Use surrounding context's feature category for unowned workers
Overview
When we're in Sidekiq, in most cases we want to use the feature category of the current worker class in logs and metrics. If a worker with the 'users' feature category is called by an endpoint that has the 'issue tracking' feature category, then 'users' is the more specific category.
However, for workers without an owning feature category, this is worse: we're effectively throwing away the information from the surrounding context to give the least-specific information we could possibly give. This changes that so that in logs and in metrics, we'll use the feature category from the calling context for workers that don't have an owner.

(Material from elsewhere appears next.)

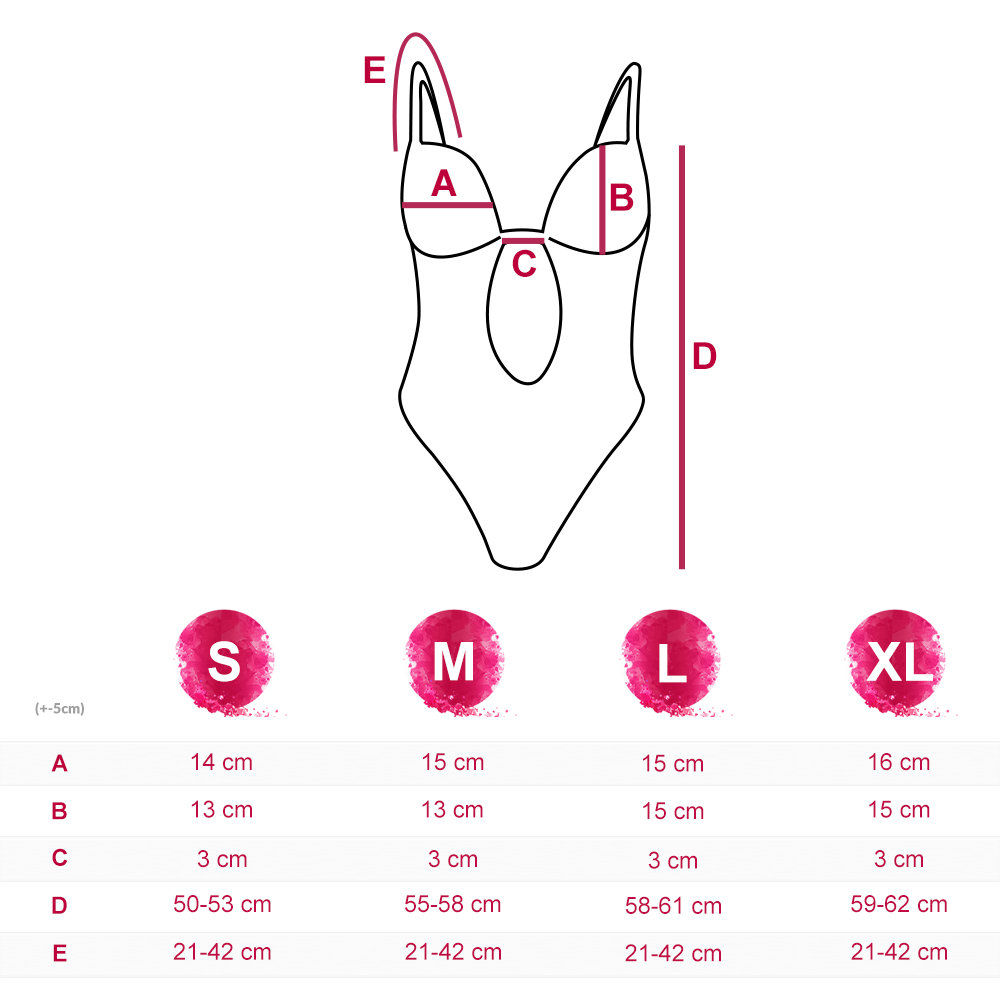 Wraz z body w zestawie znajdziesz dwie pary odpinanych szelek; silikonowe oraz materiałowe w kolorze kostiumu.

For gitlab-com/gl-infra/scalability#1200 (closed) and gitlab-com/gl-infra/scalability#1164 (closed).
Testing
We have two axes we want to test on:
- Output location: Prometheus metrics and logs should have the same information.
- Worker type: there are three types we're interested in.

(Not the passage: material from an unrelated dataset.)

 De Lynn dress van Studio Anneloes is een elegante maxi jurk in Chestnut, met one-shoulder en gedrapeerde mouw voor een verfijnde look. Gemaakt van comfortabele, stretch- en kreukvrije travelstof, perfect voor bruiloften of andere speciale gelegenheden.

- Workers with a feature category. These should use their own feature category in logs and metrics.
- Workers with
feature_category_not_owned!
. These should use the feature category from their caller. - Mailers, which aren't directly Sidekiq workers in our application code, should also use the feature category from their caller.
The actual testing is pretty straightforward, it's just we have a few cases to get through. For the Prometheus part the GDK might have some issues (gitlab-development-kit#1061), but the logs should be straightforward.
Workers without a feature category
Visit pipelines/new
in a project. This is a continuous_integration
endpoint that calls a not_owned
worker (the
ExternalServiceReactiveCachingWorker). We can see this work in the logs
(letting it run for a little while to include scheduled jobs as well as
immediate jobs):
$ gdk tail rails-background-jobs | grep ReactiveCachingWorker | sed 's/^.* : ....//' | jq '[."meta.feature_category", ."meta.caller_id"]'
[
"continuous_integration",
"Projects::PipelinesController#config_variables"
]
[
"continuous_integration",
"Projects::PipelinesController#config_variables"
]
[
"continuous_integration",
"ExternalServiceReactiveCachingWorker"
]
[
"continuous_integration",
"ExternalServiceReactiveCachingWorker"
]
[
"continuous_integration",
"ExternalServiceReactiveCachingWorker"
]
[
"continuous_integration",
"ExternalServiceReactiveCachingWorker"
]
And in metrics:
Note that there is a series with not_owned
at zero as that is the
default category for this worker.
Workers with a feature category
Create a new issue mentioning another user, then do the same on an MR. This tests both the new issue / MR workers (which have a feature category) and mailers (which don't; see below for results).
$ gdk tail rails-background-jobs | grep IssuesController | sed 's/^.* : ....//' | jq '[."class", ."meta.feature_category", ."meta.caller_id"]'
[
"NewIssueWorker",
"issue_tracking",
"Projects::IssuesController#create"
]
[
"IssuePlacementWorker",
"issue_tracking",
"Projects::IssuesController#create"
]
$ gdk tail rails-background-jobs | grep IssuesController | sed 's/^.* : ....//' | jq '[."class", ."meta.feature_category", ."meta.caller_id"]'
[
"NewMergeRequestWorker",
"code_review",
"Projects::MergeRequests::CreationsController#create"
]
[
"MergeRequests::SyncCodeOwnerApprovalRulesWorker",
"code_review",
"Projects::MergeRequests::CreationsController#create"
]
Metrics:
Mailers
$ gdk tail rails-background-jobs | grep MailDeliveryJob | sed 's/^.* : ....//' | jq '[."class", ."meta.feature_category", ."meta.caller_id"]'
[
"ActionMailer::MailDeliveryJob",
"issue_tracking",
"NewIssueWorker"
]
[
"ActionMailer::MailDeliveryJob",
"issue_tracking",
"NewIssueWorker"
]
[
"ActionMailer::MailDeliveryJob",
"code_review",
"NewMergeRequestWorker"
]
[
"ActionMailer::MailDeliveryJob",
"code_review",
"NewMergeRequestWorker"
]
And metrics:
Caveat
Here it's worth noting a limitation: many mailers go via
NotificationService::Async
,
which means we have controller -> NotificationService::Async
-> MailScheduler::NotificationServiceWorker
-> ActionMailer::MailDeliveryJob
.
Because MailScheduler::NotificationServiceWorker
has the category
issue_tracking
, all emails scheduled in that way are marked as
issue_tracking
. That is why there are so many more issue_tracking
mails than
code_review
mails in the metrics screenshot.
I considered changing that in this MR but:
- The scope is already too big.
- I noticed that this gets called by GraphQL a lot, and GraphQL is also not owned
🙃
So I figure we can leave that for now.